Another interesting option could be using a GPU if available. Starting from a white picture and drawing in black the exterior of each annulus will leave at the end the intersection area in white.

For example with Python/Qt the code for doing this computation is simply:

img = QImage(res, res, QImage.Format_RGB32)
dc = QPainter(img)
dc.fillRect(0, 0, res, res, QBrush(QColor(255, 255, 255)))
dc.setPen(Qt.NoPen)
dc.setBrush(QBrush(QColor(0, 0, 0)))
for x, y, r0, r1 in data:
    xa1 = (x - r1 - x0) * res / (x1 - x0)
    xb1 = (x + r1 - x0) * res / (x1 - x0)
    ya1 = (y - r1 - y0) * res / (y1 - y0)
    yb1 = (y + r1 - y0) * res / (y1 - y0)
    xa0 = (x - r0 - x0) * res / (x1 - x0)
    xb0 = (x + r0 - x0) * res / (x1 - x0)
    ya0 = (y - r0 - y0) * res / (y1 - y0)
    yb0 = (y + r0 - y0) * res / (y1 - y0)
    p = QPainterPath()
    p.addEllipse(QRectF(xa0, ya0, xb0-xa0, yb0-ya0))
    p.addEllipse(QRectF(xa1, ya1, xb1-xa1, yb1-ya1))
    p.addRect(QRectF(0, 0, res, res))
    dc.drawPath(p)

and the computation part for an 800x800 resolution image takes about 8ms (and I'm not sure it's hardware accelerated).

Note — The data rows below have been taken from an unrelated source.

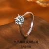 Anel Europeu e Americano Transfronteiriço de 1 Quilate de Zircônia para Mulheres, Prata Esterlina 925, Luxo Leve, High-End, Moderno, Anel de Casamento Clássico de Diamante com Seis Garras
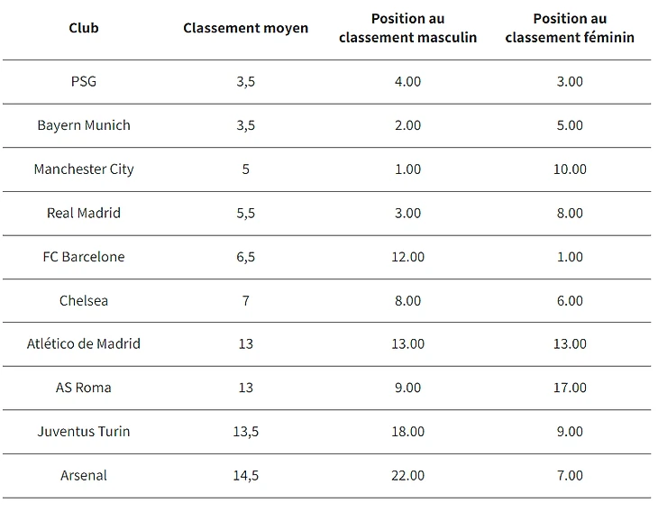 «Бавария» и «ПСЖ» — единственные клубы, чьи женские и мужские команды вошли в пятерку лучших в обоих рейтингах.
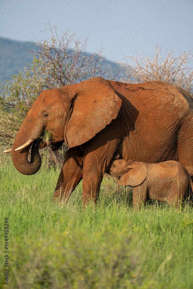 Herd of elephants with cute young calves spotted on safari in Pilanesberg National Park, South Africa.
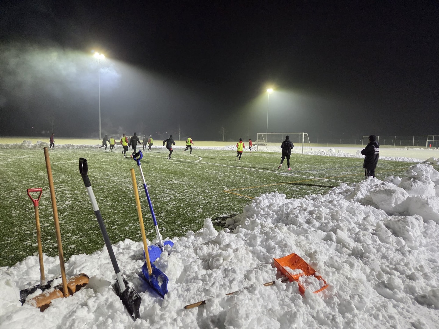 So mussten die Kicker des SVO Germaringen erst einmal den Kunstrasenplatz in Denklingen freischaufeln, bevor man mit dem Training beginnen konnte.
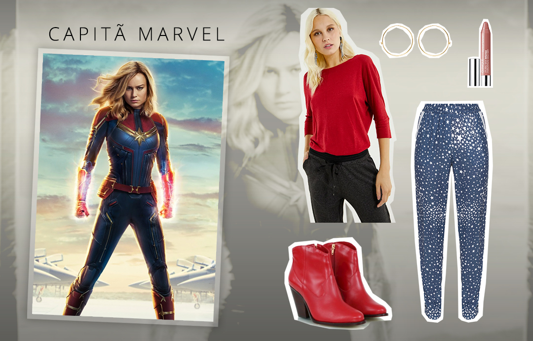 Surpreendendo a todos, a Capitã Marvel é a promessa do filme. No estilo ‘American Way of Life’, carrega os emblemas americanos no look, cores marcantes como vermelho e azul marinho.
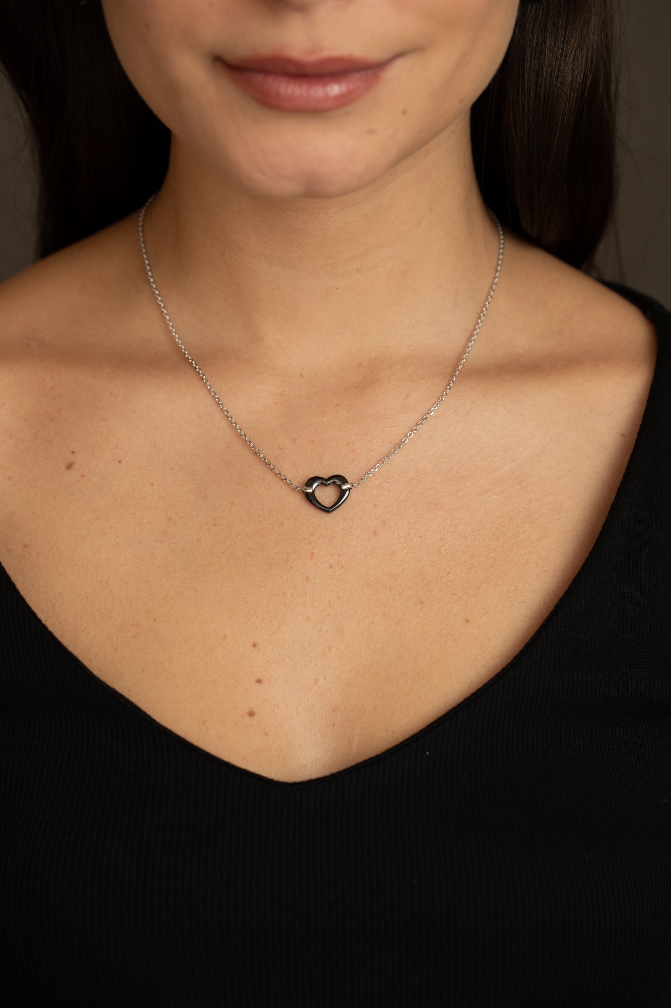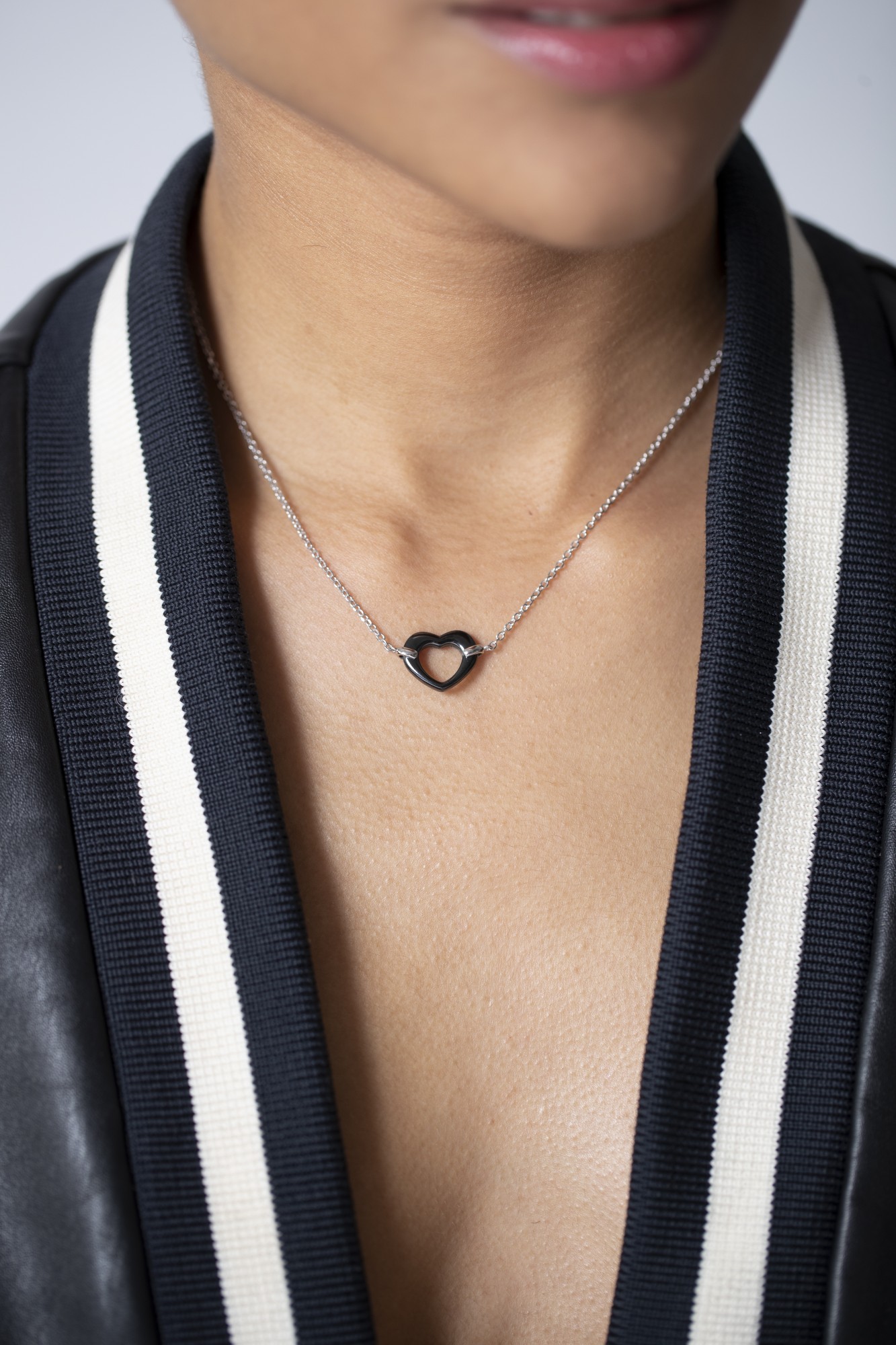 Le collier Frise revisite le symbole du cœur dans une version moderne et contrastée.
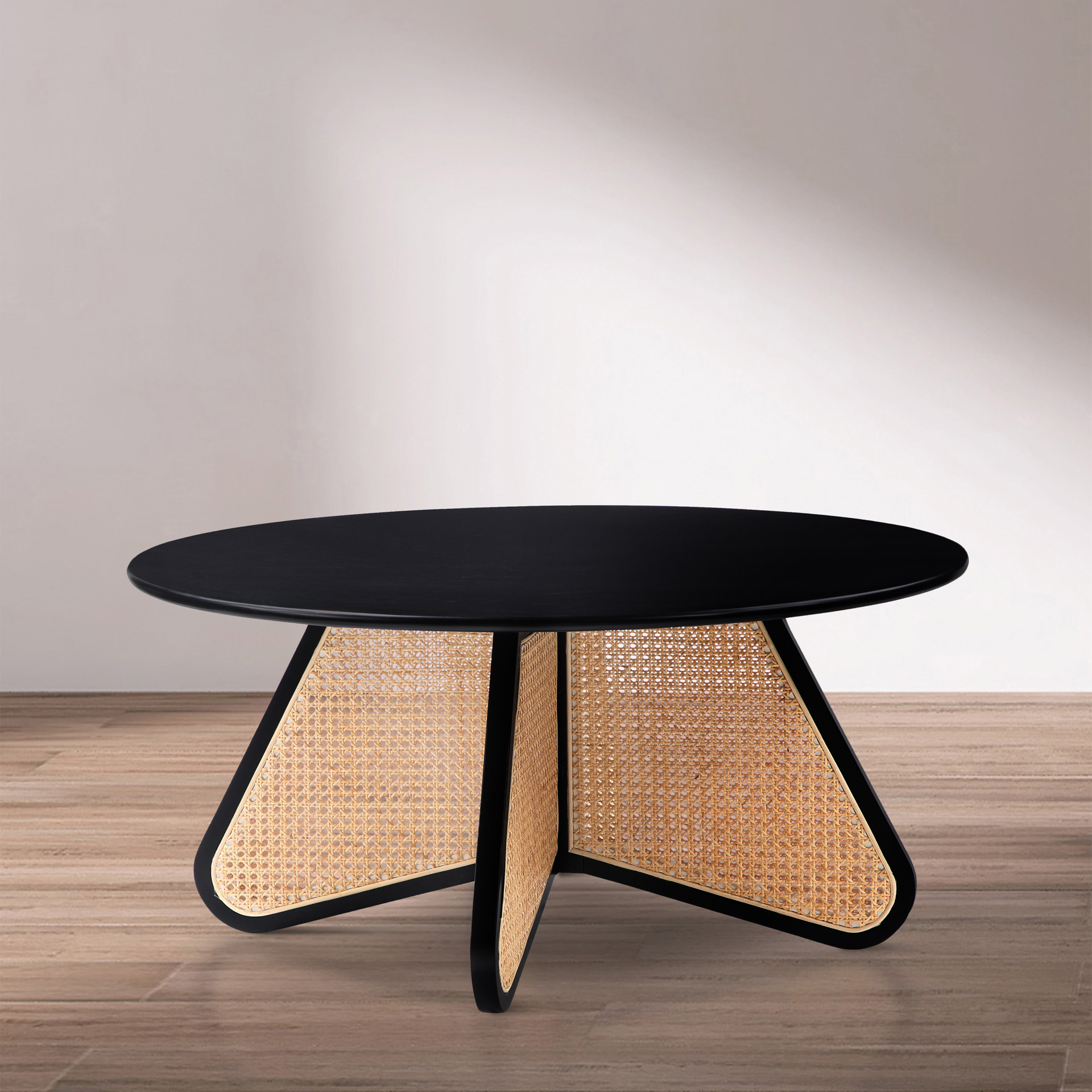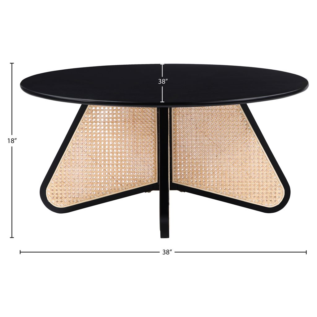 Construction with rubberwood and wood products gives this Butterfly table a resilient design, while its natural cane bottom adds a striking visual and instantly draws the eye.
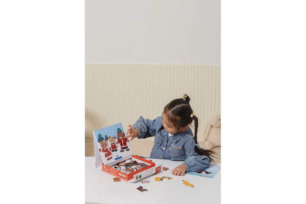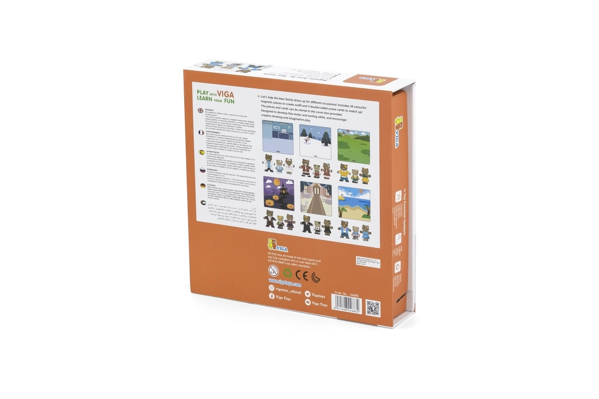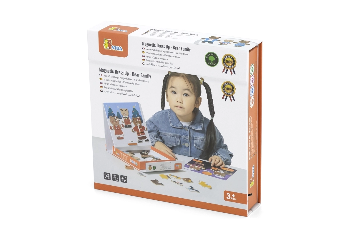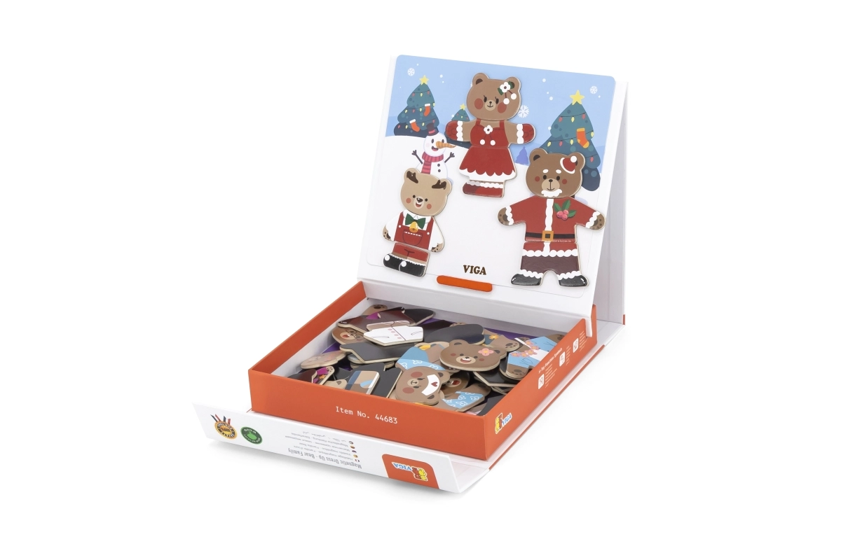 Открийте забавен комплект за малки творци: дървено магнитно обличане Viga – мечешко семейство с 54 части. Децата от 3 години при комбиниране на дрехи и изражения тренират фината моторика, координацията око–ръка и въображението. Компактната опаковка 21,5 × 21,5 × 4,5 cm се пренася и подрежда лесно.
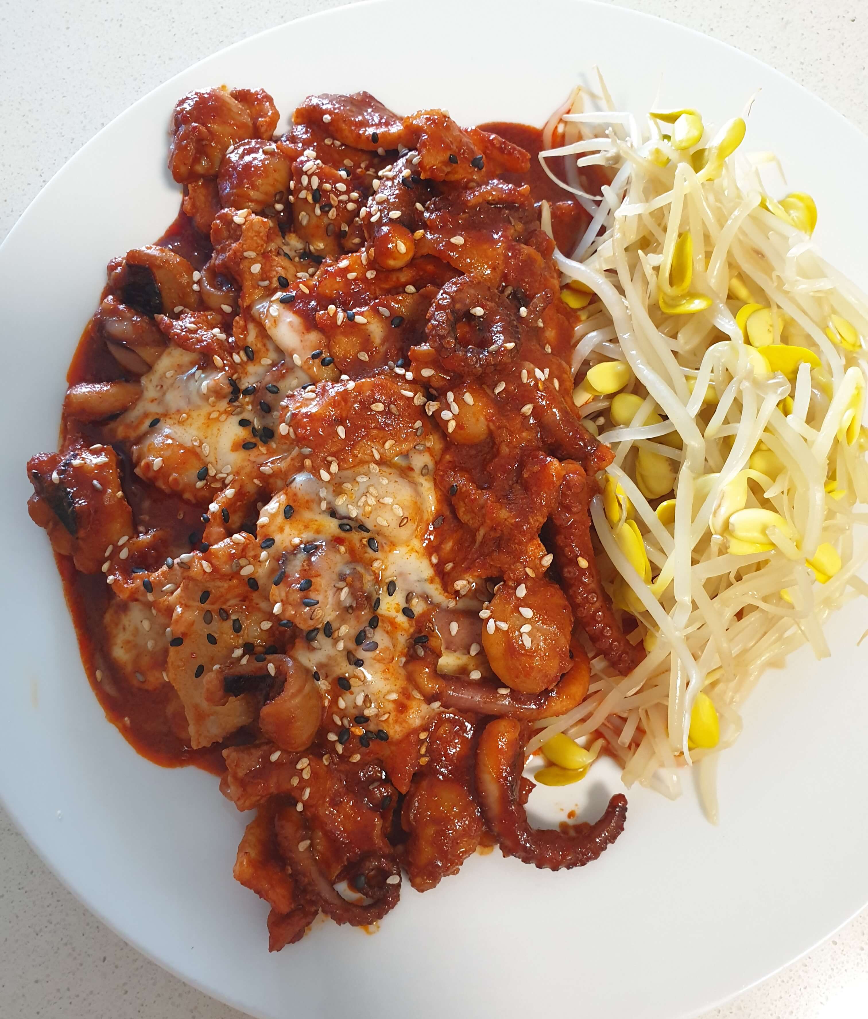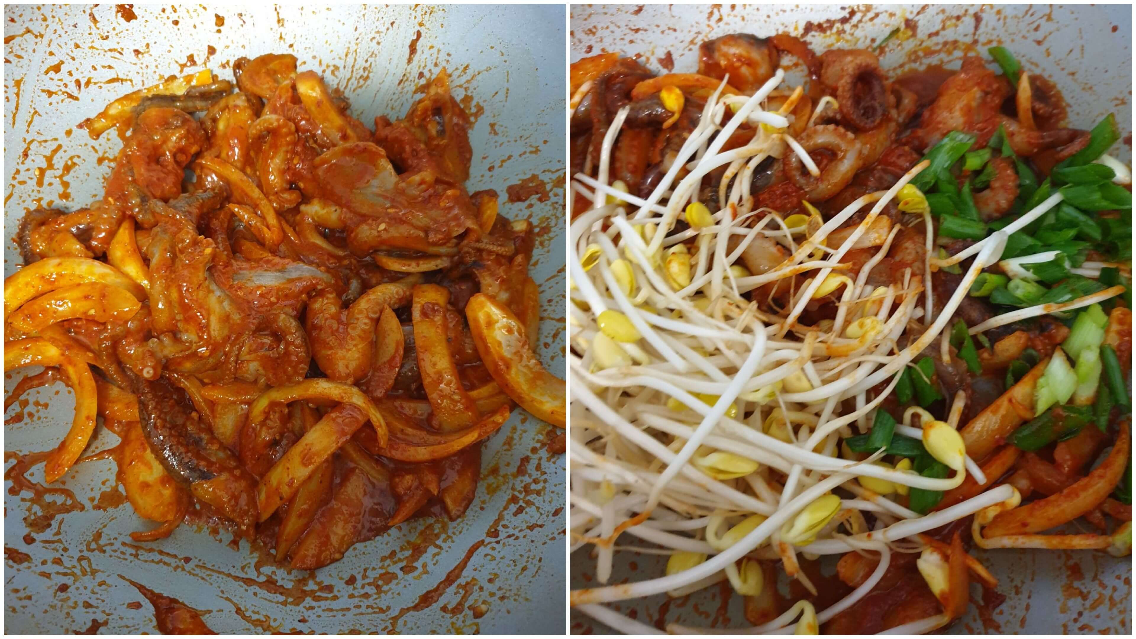 저는 주꾸미에 추가로 양파랑 파, 콩나물을 넣어서 볶았어요

If only the barycenter of the intersection is to be computed then there is no memory allocation at all. For example a "brute-force" approach is just a few lines of C

typedef struct TReading {
    double x, y, r0, r1;
} Reading;

int hit(double xx, double yy,
        Reading *readings, int num_readings)
{
    while (num_readings--)
    {
        double dx = xx - readings->x;
        double dy = yy - readings->y;
        double d2 = dx*dx + dy*dy;
        if (d2 < readings->r0 * readings->r0) return 0;
        if (d2 > readings->r1 * readings->r1) return 0;
        readings++;
    }
    return 1;
}

int computeLocation(Reading *readings, int num_readings,
                    int resolution,
                    double *result_x, double *result_y)
{
    // Compute bounding box of interesting zone
    double x0 = -1E20, y0 = -1E20, x1 = 1E20, y1 = 1E20;
    for (int i=0; i<num_readings; i++)
    {
        if (readings[i].x - readings[i].r1 > x0)
          x0 = readings[i].x - readings[i].r1;
        if (readings[i].y - readings[i].r1 > y0)
          y0 = readings[i].y - readings[i].r1;
        if (readings[i].x + readings[i].r1 < x1)
          x1 = readings[i].x + readings[i].r1;
        if (readings[i].y + readings[i].r1 < y1)
          y1 = readings[i].y + readings[i].r1;
    }

    // Scan processing
    double ax = 0, ay = 0;
    int total = 0;
    for (int i=0; i<=resolution; i++)
    {
        double yy = y0 + i * (y1 - y0) / resolution;
        for (int j=0; j<=resolution; j++)
        {
            double xx = x0 + j * (x1 - x0) / resolution;
            if (hit(xx, yy, readings, num_readings))
            {
                ax += xx; ay += yy; total += 1;
            }
        }
    }
    if (total)
    {
        *result_x = ax / total;
        *result_y = ay / total;
    }
    return total;
}

And on my PC can compute the barycenter with resolution = 100 in 0.08 ms (x=1.50000, y=1.383250) or with resolution = 400 in 1.3ms (x=1.500000, y=1.383308). Of course a double-step speedup could be implemented even for the barycenter-only version.